> **Work item**
Beginning with the line below that contains "重巡的话就比较看脸了,和小船一样上旗舰位置,尽量将其火力强化下。" and ending with the line that contains "Dalam sambutannya, Kapolres", retype every line exactly. Pictures are not copied.

> **Data for review**
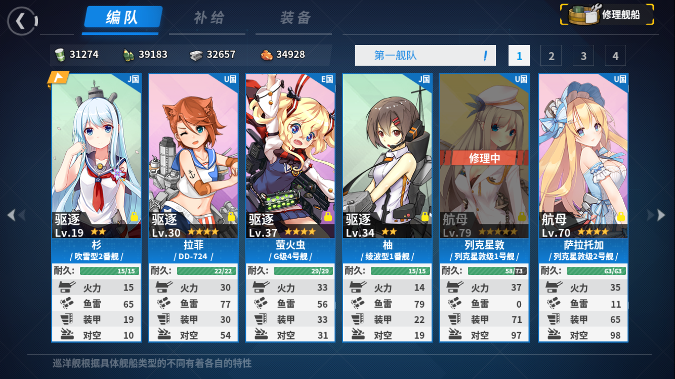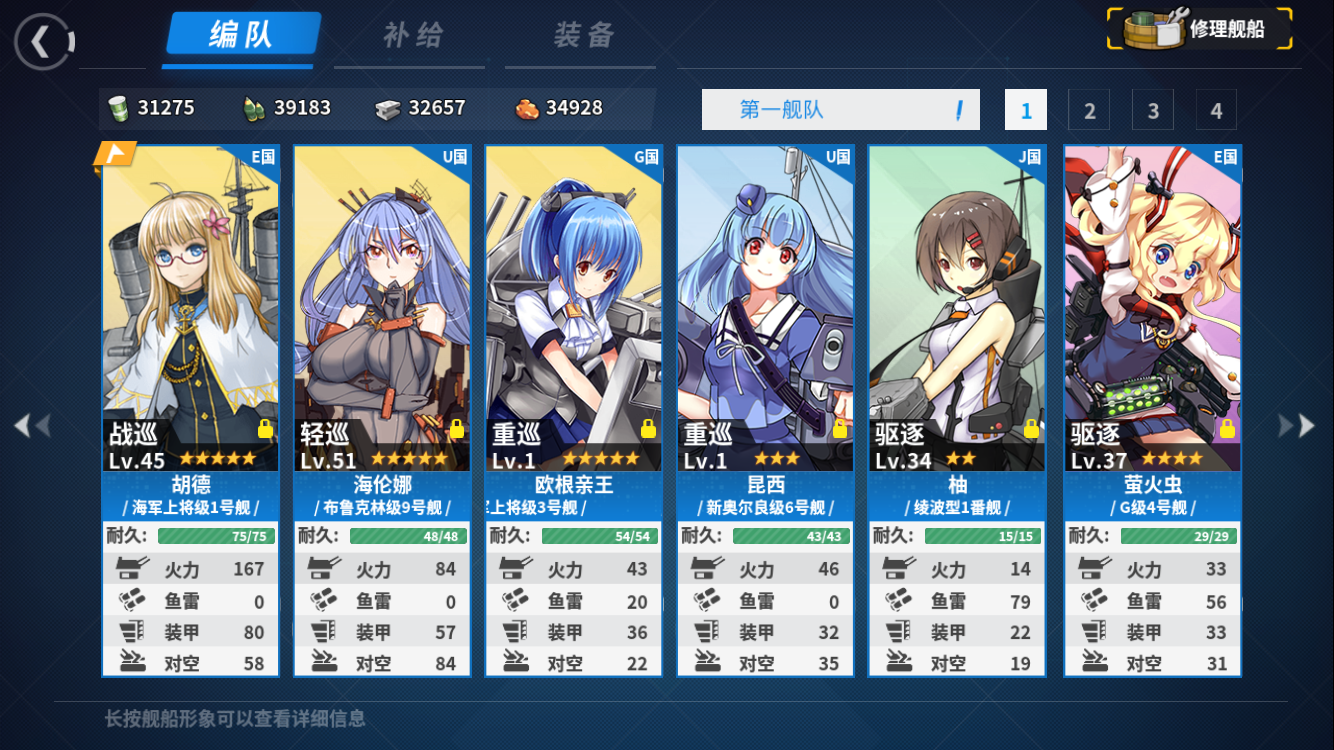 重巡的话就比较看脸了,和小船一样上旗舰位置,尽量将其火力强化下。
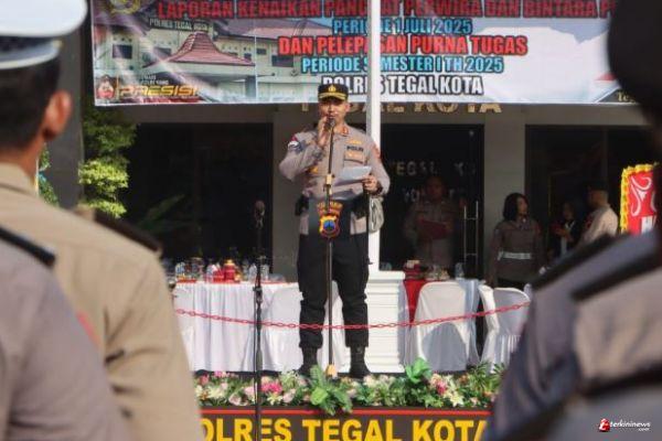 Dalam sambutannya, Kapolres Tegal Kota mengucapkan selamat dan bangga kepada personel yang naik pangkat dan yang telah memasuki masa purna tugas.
--
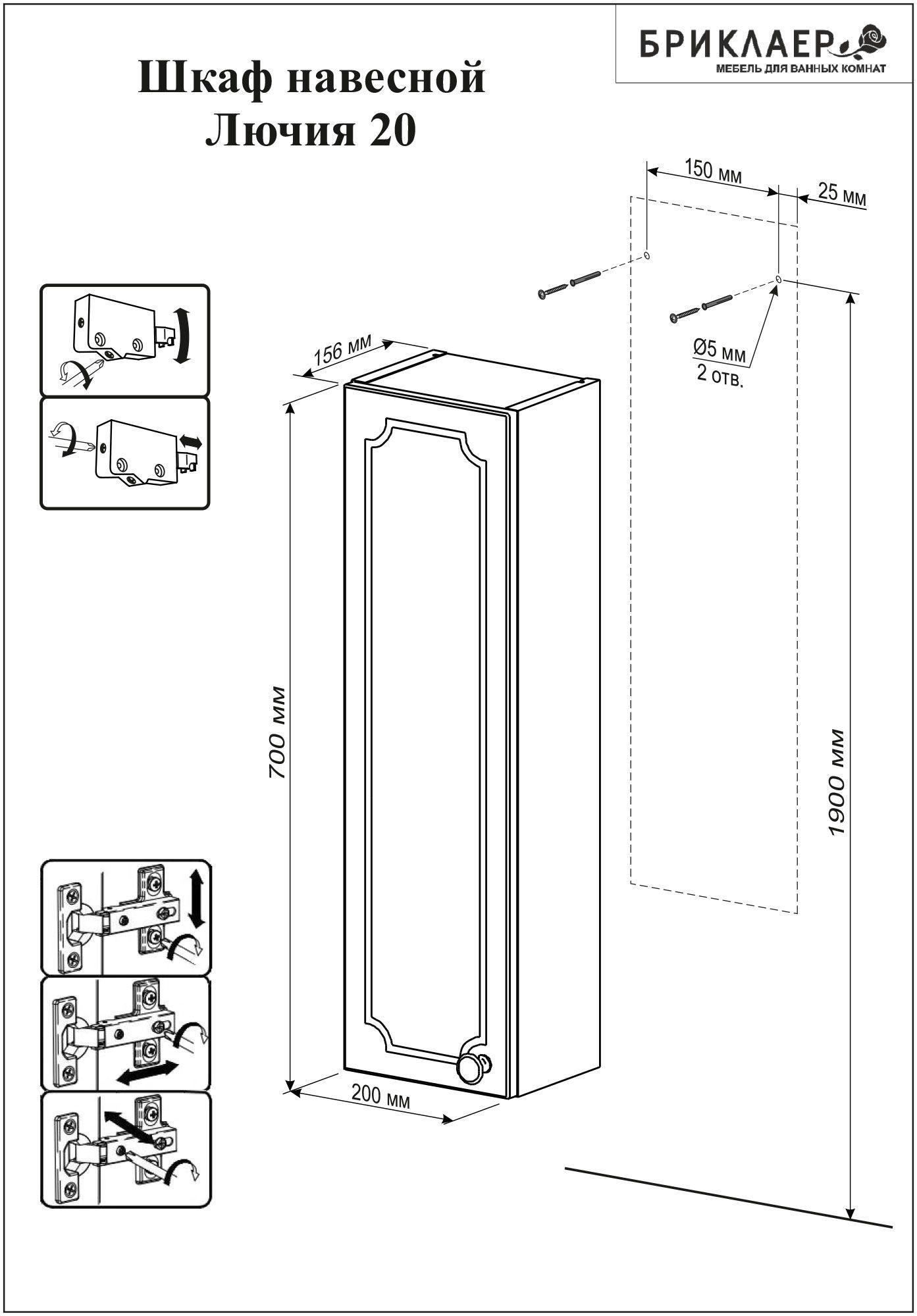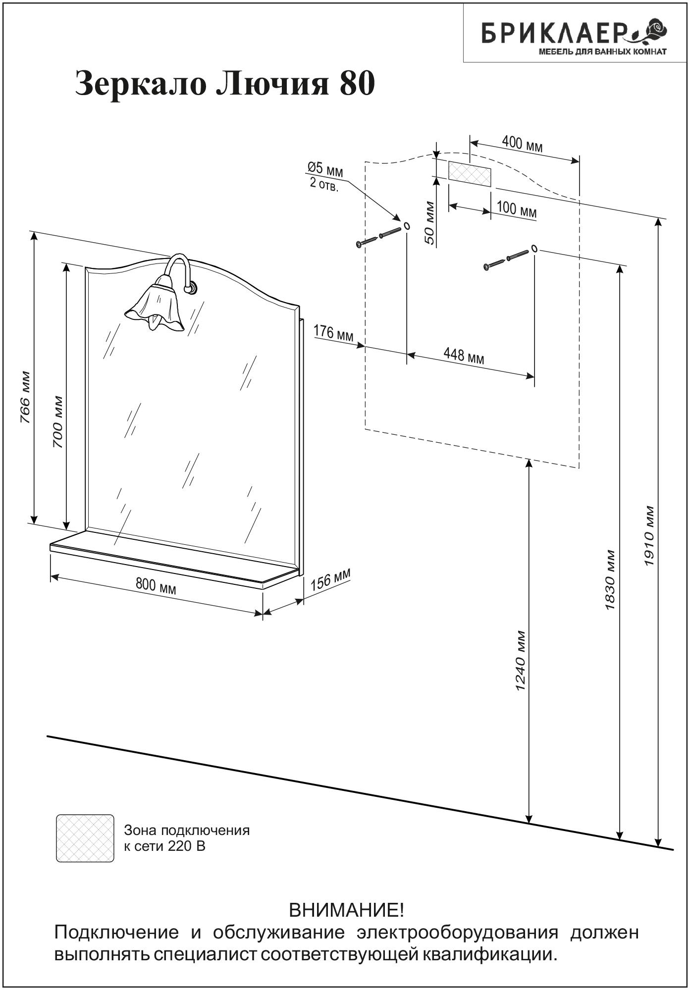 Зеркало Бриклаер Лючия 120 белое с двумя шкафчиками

> **Task output**
 重巡的话就比较看脸了,和小船一样上旗舰位置,尽量将其火力强化下。
 Dalam sambutannya, Kapolres Tegal Kota mengucapkan selamat dan bangga kepada personel yang naik pangkat dan yang telah memasuki masa purna tugas.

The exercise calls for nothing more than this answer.